Triatoma sanguisuga

Features
By Laura Maurer

Geographic Range

Triatoma sanguisuga is found in the southeastern United States and throughout Latin America. This range includes both the Nearctic and Neotropical regions. It occupies North America in a range stretching from Pennsylvania to Florida and as far west as Arizona. Most research on this insect is performed only with regard to the United States, so an exact range in Latin American is unknown.

Habitat

Triatoma sanguisuga is found in terrestrial and wooded environments where small mammals live. Wood rats are the most common host for these blood sucking insects, and the rat nests provide a convenient home for the insects. Large flat rocks, detritus, and wood piles provide structural support for the rat nests and safety for the insects because they can feed, digest, and lay their eggs within. Triatoma sanguisuga also nests in human residences or farms when utilizing other animal sources of blood. It can be found under loose wooden floorboards and older building structures.

Physical Description

Triatoma sanguisuga is on average 22 mm long and exhibits bilateral symmetry. It has an oval-shaped black body with red stripes on the outer edge of its thorax that continue onto its abdomen. Its two rear legs are twice as long as its four front legs. Its narrow head projects from its body, with large eyes protruding from half-way. T. sanguisuga has a significant proboscis on its head that is used to enter the blood vessel of its host during feeding. Jointed antennae also project from mid-way on the head. The sensory organs on the antennae, called sensilla, exhibit one example of sexual dimorphism in T. sanguisuga , where males have a higher density and different patterns than females. Nymphal instars are morphologically similar to adults, except they lack wings and their heads are slightly smaller. Eggs are small, white ovals measuring between 1 to 2 mm.

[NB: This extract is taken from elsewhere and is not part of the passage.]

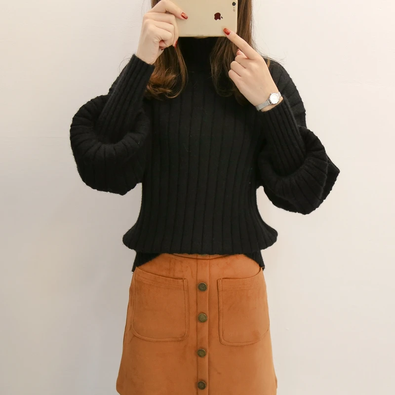 Product Name: Truien dames winter2019 długa koszula dla kobiet płaski z dzianiny latarnia rękaw półgolf nowy sweter luźny krój 7010 50

Different populations of the insect are influenced by different geographical barriers - and consequently, multiple haplotypes and physical characteristics have developed.

  • Sexual Dimorphism
  • sexes colored or patterned differently

Development

These insects are hemimetabolous, and have incomplete metamorphosis. Life stages include the egg, nymph (instars), and adult. The eggs of Triatoma sanguisuga are deposited once the female has been fertilized and has received a blood meal. During embryonic development, a higher environmental temperature speeds development. A nymphal instar finds a blood meal 2 to 3 days after hatching. During the nymphal stage, T. sanguisuga undergoes ecdysis, which is repeated cycles of shedding. After sufficient feeding and digestion time, the molting hormone is released which signals the nymphal instar to molt. If born early in the warm season, a nymph can complete five instar stages, each separated by a molt. It undergoes hibernation during the winter months, during which it remains in an awakened sluggish state. The remaining nymphal stages are completed the following year if not completed in the first summer season. After completing 8 nymphal instar stages, the insect is considered to be an adult.

Reproduction

Females and males are polygynandrous; each sex finds multiple mates during their lifespan. Shorter in comparison to related insects, the mating time of T. sanguisuga lasts only 10 minutes. After male fertilization, females migrate to a new territory to found a new community.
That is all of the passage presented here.